Экатас попытался вырваться, но безуспешно, и волей-неволей вынужден был взглянуть в глаза стирика. Кровь медленно отхлынула от лица киргая, а затем он пронзительно закричал. Он кричал и кричал, извиваясь в железной хватке стирика.
– Умоляю тебя, не надо! – В голосе жреца был неодолимый ужас. – Не надо! – И Экатас обмяк, прикрывая ладонями глаза.
Заласта с презрительным видом разжал пальцы, выпустив ворот черного жреческого одеяния, и Экатас ничком рухнул на пол, содрогаясь в безудержных рыданиях.
– Теперь ты понял? – почти ласково спросил Заласта. – А ведь мы с Кизатой пытались убедить тебя и твоего божка в том, как опасно призывать Клааля, – но вы нас не слушали. Киргон хотел подчинить своей власти Беллиом, а теперь сам стал рабом его извечного противника. И, поскольку я говорю от имени Клааля, ты, Экатас, мой раб. – Он пнул ногой рыдающего жреца. – Вставай, Экатас! Встать, когда с тобой говорит хозяин!
Рапростершийся на полу киргай кое-как поднялся. Его залитое слезами лицо было все еще искажено невыразимым ужасом.
– Скажи это слово, Экатас, – неумолимо проговорил Заласта. – Я хочу услышать, как ты произнесешь его, – или ты предпочитаешь увидеть гибель еще одной звезды?
– Х-х-хозяин, – выдавил верховный жрец.
– Еще раз – и погромче, если ты не против.
– Хозяин! – почти взвизгнул Экатас.
– Это уже лучше, Экатас. А теперь растолкай этих ленивых тварей в караульной и вели им вычистить камеру. Когда я вернусь из храма, нам нужно будет заняться кой-какими приготовлениями. Анакха несет Беллиом в Киргу, и мы должны быть готовы к его прибытию. – Заласта обернулся. – Возьми с собой и служанку, Элана. Клааль желает взглянуть на тебя. – Заласта на мгновение смолк, критически оглядывая ее. – Я знаю, что мы обращались с тобой дурно, – продолжал он почти виноватым тоном, – но не позволяй дурному обращению сломить твой дух. Вспомни, кто ты такая, и держись соответственно своему положению. Клааль уважает власть и тех, кто облечен ею.
– Что мне сказать ему?
– Ничего. Он узнает все, что ему нужно, просто посмотрев на тебя. Он не понимает твоего мужа, а один лишь взгляд на тебя даст ему какие-то намеки на природу Анакхи. Анакха для него величина неизвестная, и, полагаю, так было всегда. Это творение Беллиома неизменно ставит его в тупик.
– Ты изменился, Заласта.
– Думаю, что да, – признал он. – У меня такое чувство, что долго я не проживу. Прикосновение Клааля творит с людьми странные вещи. Лучше нам не заставлять его ждать. – Он взглянул на Экатаса, который все еще дрожал всем телом. – Я желаю, чтобы к нашему приходу в этой комнате было чисто.

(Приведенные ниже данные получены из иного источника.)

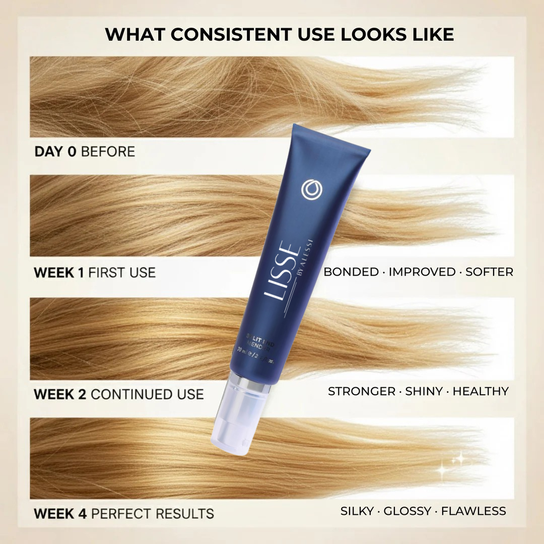 Our Split End Mending Serum works from the very first use - instantly sealing damage and restoring softness. With continued use over 2–4 weeks, it strengthens strands from root to tip, preventing new split ends before they start. The result: visibly healthier, smoother, and more resilient hair that looks freshly trimmed every day.

– Я прослежу за этим, хозяин, – гротескно раболепным тоном заверил его Экатас.
– Как ты их находишь? – с любопытством спросил Итайн. – Вот что я все пытаюсь понять – тролли-то в He-Времени, но вам с Тиниеном, чтобы появиться в Сарне, пришлось выйти из He-Времени, и время идет для вас обычным чередом. Как же вы вернетесь в тот момент, где оставили троллей?

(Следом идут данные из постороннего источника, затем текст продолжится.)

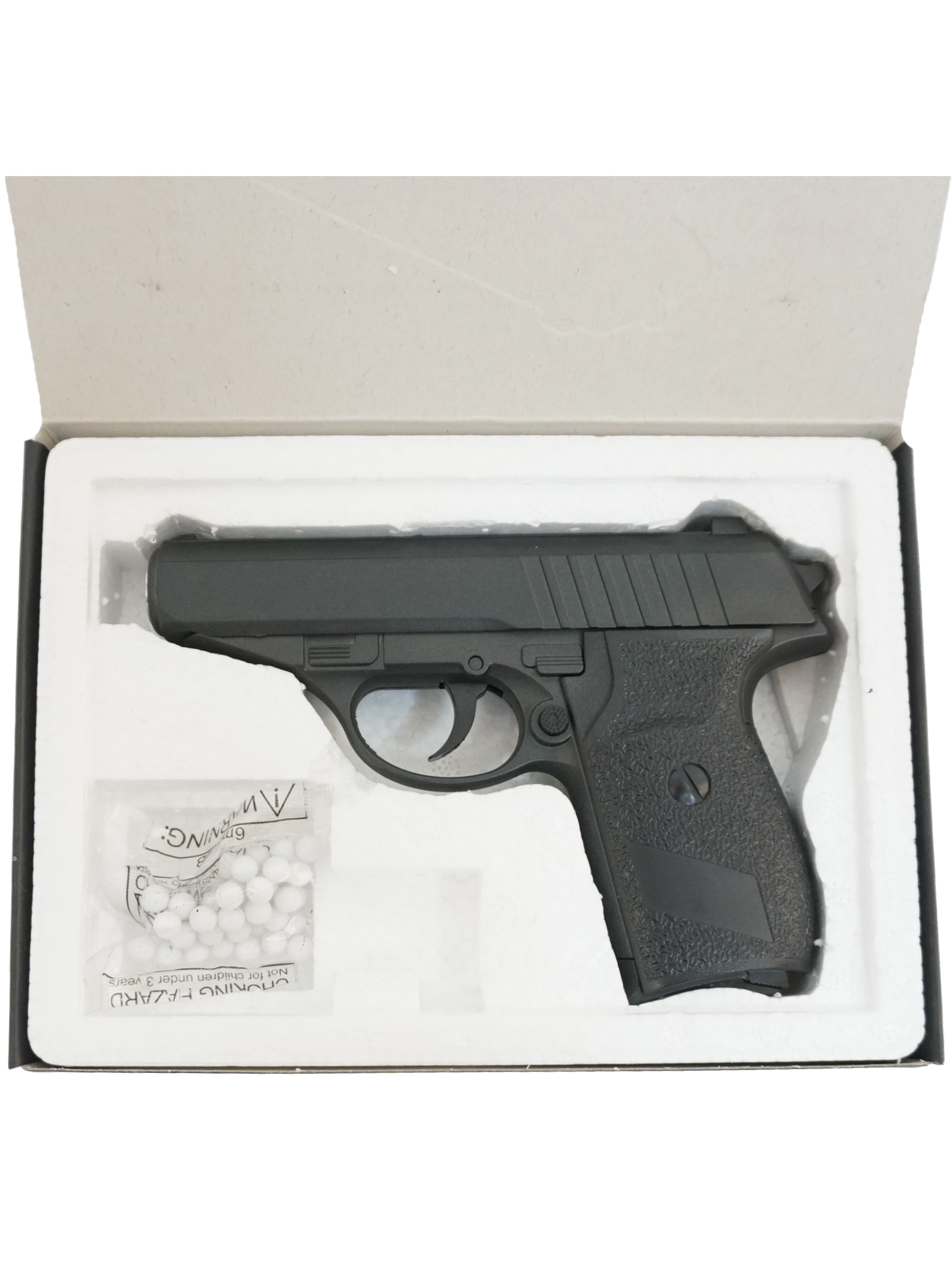 Поставляется пистолет в картонной коробке с шариковыми пулями, магазином и инструкцией, и сразу готов к использованию. В магазине помещается 8 патронов (шариков), как в оригинальном Вальтере, каждый выстрел слышится достаточно громко, да и сам пистолет выглядит как настоящий, так что игрок, в процессе игры, ощутит себя настоящим гангстером, используя копию знаменитого Walther в качестве дополнительного «оружия».

– Пожалуйста, Итайн, не задавай мне метафизических вопросов, – со страдальческим видом отозвался Улаф. – Мы просто возвращаемся на место, где оставили троллей, – и они оказываются там. Мы имеем дело с «где», предоставляя Троллям-Богам разбираться с «когда». Они, похоже, могут прыгать по времени, не особо утруждая себя соблюдением правил.
– Где же тролли сейчас?
– За стенами города, – ответил Тиниен. – Мы решили, что вводить их в Сарну было бы неблагоразумно. Они сейчас немного отбились от рук.
– Это что-то, о чем нам следует знать, Тиниен-рыцарь? – спросил Энгесса. Улаф откинулся в кресле.

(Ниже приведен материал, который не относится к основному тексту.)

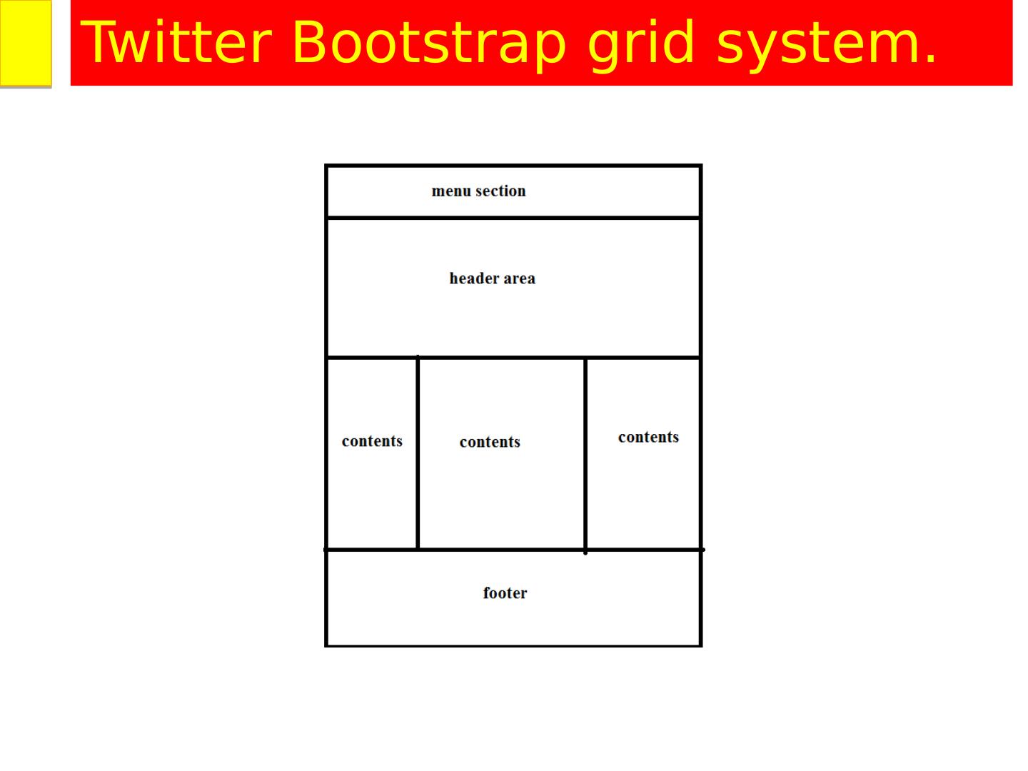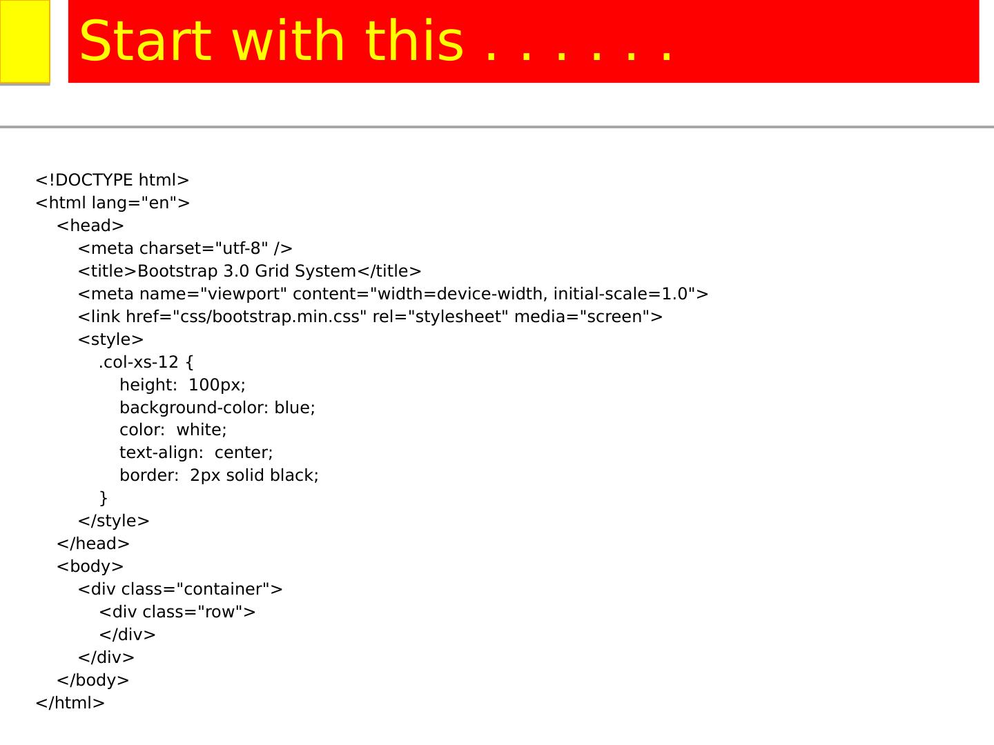 11 .<!DOCTYPE html> <html lang =" en "> <head> <meta charset="utf-8" /> <title>Bootstrap 3.0 Grid System</title> <meta name="viewport" content="width=device-width, initial-scale=1.0"> <link href =" css /bootstrap.min.css" rel =" stylesheet " media="screen"> <style> .col-xs-12 { height: 100px; background-color: blue; color: white; text-align: center; border: 2px solid black; } </style> </head> <body> <div class="container"> <div class="row"> </div> </div> </body> </html> Start with this . . . . . .

– Когда Киргон явился в Талесию и выдал себя за Гхворга, он изрядно исказил обычное поведение троллей, – невесело пояснил он. – Заласта рассказывал ему о троллях, но Киргон, видно, слушал его невнимательно, потому что перепутал троллей с древними людьми. Древние люди были стадными животными, но тролли живут небольшими стаями. Стадные животные примут беспрекословно любого представителя своего вида, но те, кто живет стаями, более избирательны. Сейчас нам было бы выгоднее, чтобы тролли вели себя как стадные животные, – по крайней мере, так их легче гнать в одном направлении – но с этим у нас назревают проблемы. Стаи начинают разделяться, и между ними все время идет грызня.